• New Law Eases Roth Account Conversions
  • October 6, 2010
  • Law Firm: Fisher Phillips LLP - Atlanta Office
  • The Small Business Jobs Act of 2010 provides the opportunity to convert pre-tax retirement plan contributions to a Roth Account within that plan. Prior to this change, the only way to convert pre-tax retirement plan money to a Roth Account was to roll it over to a Roth IRA.

    As with any Roth conversion, the amount converted is taxable, but increases in the account value are not taxed when withdrawn later. Roth Accounts are subject to additional Internal Revenue Code requirements. If the Roth conversion occurs in 2010, a special rule permits a delay in the payment of the tax with half of the amount taxable in 2011 and the other half in 2012.

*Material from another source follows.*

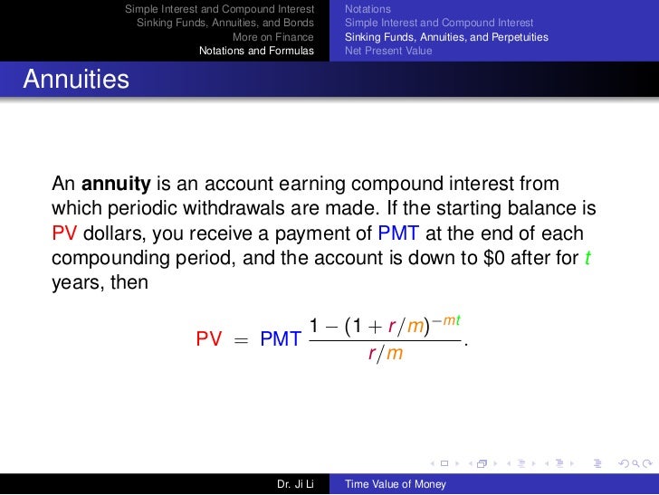 Present and future values of annuities 3. Perpetuities and deferred annuities 4. • Consider an annuity with payments of 1 unit each, made at the end of every year for n years. • This kind of annuity is called an the simple-interest method or other accumulation schemes for which ... Read Content

    A qualified 401(k) or 403(b) plan can now give an eligible participant the option to move pre-tax money in a qualified retirement plan to a Roth Account established within that plan. The change is effective immediately, but the required plan amendment can be done later in accordance with IRS requirements.

    The requirements for transferring funds to a Roth Account are:

    • the participant must already be eligible for a distribution (e.g., age 59½); and
    • the plan must allow Roth contributions as an alternative to 401(k) or 403(b) elective deferrals.

    The plan can increase the number of participants eligible for this option by expanding distributions for current employees (e.g., vested matching contributions that have been in the plan at least two years or all matching contributions if the participant has been in the plan for five years can be eligible for distribution). The plan can restrict an in-service distribution to a Roth conversion.

    Distribution of 401(k) and 403(b) pre-tax contributions for employees younger than 59 ½ generally cannot be distributed and so, are not eligible to be transferred to a Roth Account. Minimum required distributions at age 70½ do not apply to a Roth Account.

    Who Can Benefit

    The Roth Account provides a tax-planning opportunity. Examples of employees who may benefit are:

    • highly paid employees who want to utilize the Roth Account for estate planning purposes; and

    • workers who believe they will be in a higher tax bracket in the future or have many years to let the account grow.